Priority Queues

In general queues follow FIFO (first in first out) ,ie the element inserted first is deleted first from the queue,But priority queue doesnt follow FIFO strictly.

A priority queue is special type of queue in which elements will have priority and are inserted in any order but deleted based on priority , an element with high priority is dequeued before an element with low priority. If two elements have the same priority, they are served according to their order in the queue.

what are the types of priority these elements follow?

1)larger number larger priority

2)smaller number larger priority


so now we got an idea that these can be implemented using heaps !!

Heap is generally preferred for priority queue implementation because heaps provide better performance compared arrays or linked list. 

max heap : larger number larger priority

min heap :  smaller number larger priority




                                            max heap                                                 min heap   



Heaps in C++ 

In C++ the priority_queue container can be used to implement Heaps. The priority_queue in C++ is a built-in container class which is used to implement priority queues easily. This container uses max heap internally to implement a priority queue efficiently. Therefore, it can be also used in-place of max heaps.
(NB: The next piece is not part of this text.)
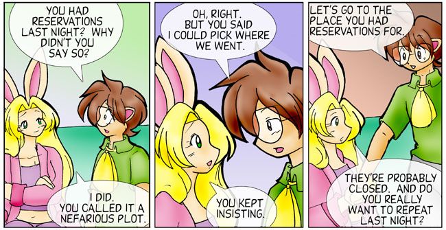 So, yes. The conflict that Brisbane saw as "We stayed out too late and I ended up sleeping in her bathtub and seeing her naked" is restated as "Your reasonable paranoia has ruined the romantic evening I planned, and circumstances wouldn't even let me salvage it as a pleasant breakfast". As you've seen from my notes, I had originally planned on emphasizing the first one and adding wacky hijinks to it. That's what would've happened if the giant machine went down the wrong path, and it took a while for me to adjust the direction it was headed in.

This container can also be modified by passing some additional parameters to be used as a Min Heap.

Syntax:
  • For implementing Max Heap:
    priority_queue< type_of_data > name_of_heap;
  • For implementing Min Heap:
    priority_queue< type, vector<type>, greater<type> > name_of_heap;

Methods of priority queue: (
applicable in case of both Max-Heap and Min-heap)
  • priority_queue::empty(): The empty() function returns whether the queue is empty.
  • priority_queue::size(): The size() function returns the size of the queue.
  • priority_queue::top(): This function returns a reference to the top most element of the queue.
  • priority_queue::push(): The push(g) function adds the element ‘g’ at the end of the queue.
  • priority_queue::pop(): The pop() function deletes the first element of the queue.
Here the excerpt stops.